NASB
""For you are bringing some strange things to our ears; so we want to know what these things mean.""
— Acts 17:20, NASB
“For thou bringest certain strange things to our ears: we would know therefore what these things mean.”
“For thou bringest certain strange things to our ears: we would know therefore what these things mean. ”
“For you bring certain strange things to our ears. We want to know therefore what these things mean."”
“For you are bringing some surprising things to our ears, so we want to know what they mean.””
“For thou bringest in certain new things to our ears. We would know therefore what these things mean.”
“For you seem to us to say strange things, and we have a desire to get the sense of them.”
“For thou bringest certain strange things to our ears: we would know therefore what these things mean.”
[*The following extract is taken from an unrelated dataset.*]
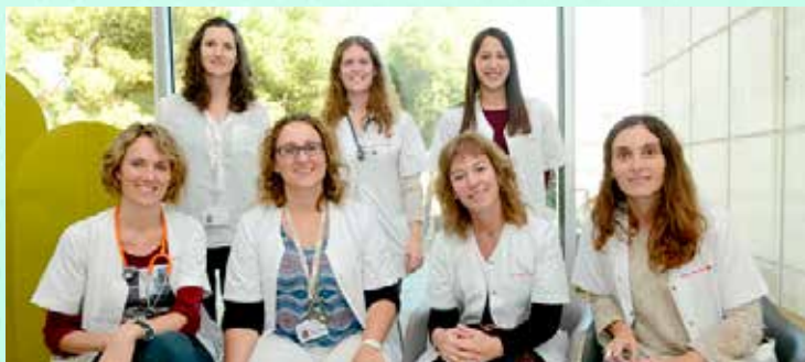
Unitat Funcional d'atenció als abusos sexuals a menors de l'Hospital Sant Joan de Déu

So he was reasoning in the synagogue with the Jews and the God-fearing Gentiles, and in the market place every day with those who happened to be present.
And also some of the Epicurean and Stoic philosophers were conversing with him. Some were saying, "What would this idle babbler wish to say?" Others, "He seems to be a proclaimer of strange deities,"--because he was preaching Jesus and the resurrection.
And they took him and brought him to the Areopagus, saying, "May we know what this new teaching is which you are proclaiming?
"For you are bringing some strange things to our ears; so we want to know what these things mean."
(Now all the Athenians and the strangers visiting there used to spend their time in nothing other than telling or hearing something new.)
So Paul stood in the midst of the Areopagus and said, "Men of Athens, I observe that you are very religious in all respects.
"For while I was passing through and examining the objects of your worship, I also found an altar with this inscription, 'TO AN UNKNOWN GOD.' Therefore what you worship in ignorance, this I proclaim to you.